Brief :: Your copy should begin at the line containing "Tủ dụng cụ CSPS" and end at the last line of the records; transcribe those lines exactly and leave out every picture.

(Records from a collection)
────────────────

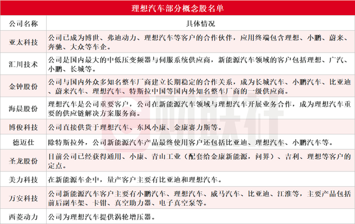 据不完全统计,除上述公司以外,涉及理想汽车相关业务的上市公司还有亚太科技、汇川技术、金钟股份、海晨股份、博俊科技、德迈仕、圣龙股份、美力科技、万安科技、西菱动力等,具体情况如下:
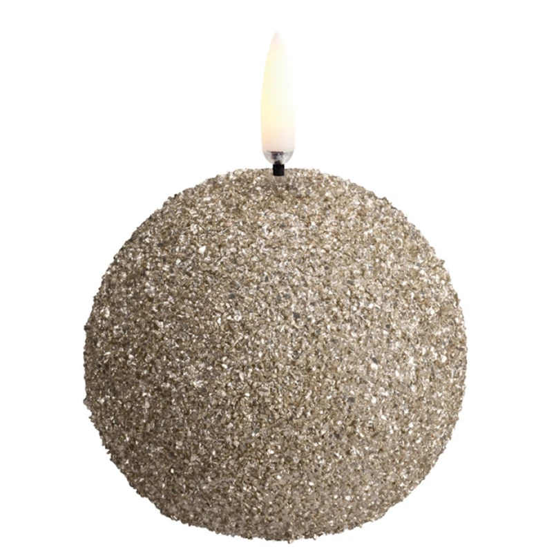 Uyuni Lighting – ROUND LED-stearinlys, creme, Ø 7 cm, glitter
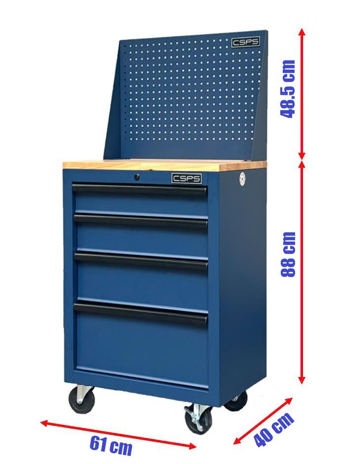 Tủ dụng cụ CSPS 61cm - 04 hộc kéo màu xanh dương mặt ván gỗ vách lưới kèm bánh xe Fbn 12cm
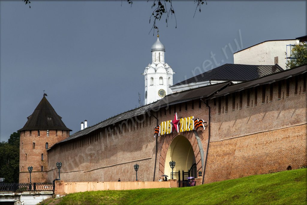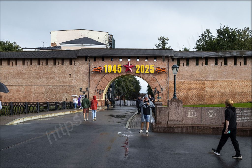 Вот только настроения гулять по территории и куда-нибудь залезать такой погоде у меня особого не наблюдается. Не скажу, что промок или замёрз, но дорога даёт о себе знать. Поэтому пройду территорию Кремля насквозь и выйду из него через Воскресенскую арку. Обернувшись, увижу, что и здесь не смогли промолчать о былых заслугах — над ней висят цифры, символизирующие о великой победе в «сорок пятом».
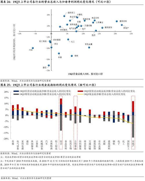 根据A股上市公司(剔除金融和中石油、中石化,按可比口径)各行业19年3季报的数据测算可知,汽车、通信、传媒等行业的盈利能力边际恶化明显;房地产、综合、公用事业等行业的筹资活动现金流净额/营业总收入的指标恶化显著,投资者需要保持谨慎。

────────────────

Exercise solution ::
 Tủ dụng cụ CSPS 61cm - 04 hộc kéo màu xanh dương mặt ván gỗ vách lưới kèm bánh xe Fbn 12cm
 Вот только настроения гулять по территории и куда-нибудь залезать такой погоде у меня особого не наблюдается. Не скажу, что промок или замёрз, но дорога даёт о себе знать. Поэтому пройду территорию Кремля насквозь и выйду из него через Воскресенскую арку. Обернувшись, увижу, что и здесь не смогли промолчать о былых заслугах — над ней висят цифры, символизирующие о великой победе в «сорок пятом».
 根据A股上市公司(剔除金融和中石油、中石化,按可比口径)各行业19年3季报的数据测算可知,汽车、通信、传媒等行业的盈利能力边际恶化明显;房地产、综合、公用事业等行业的筹资活动现金流净额/营业总收入的指标恶化显著,投资者需要保持谨慎。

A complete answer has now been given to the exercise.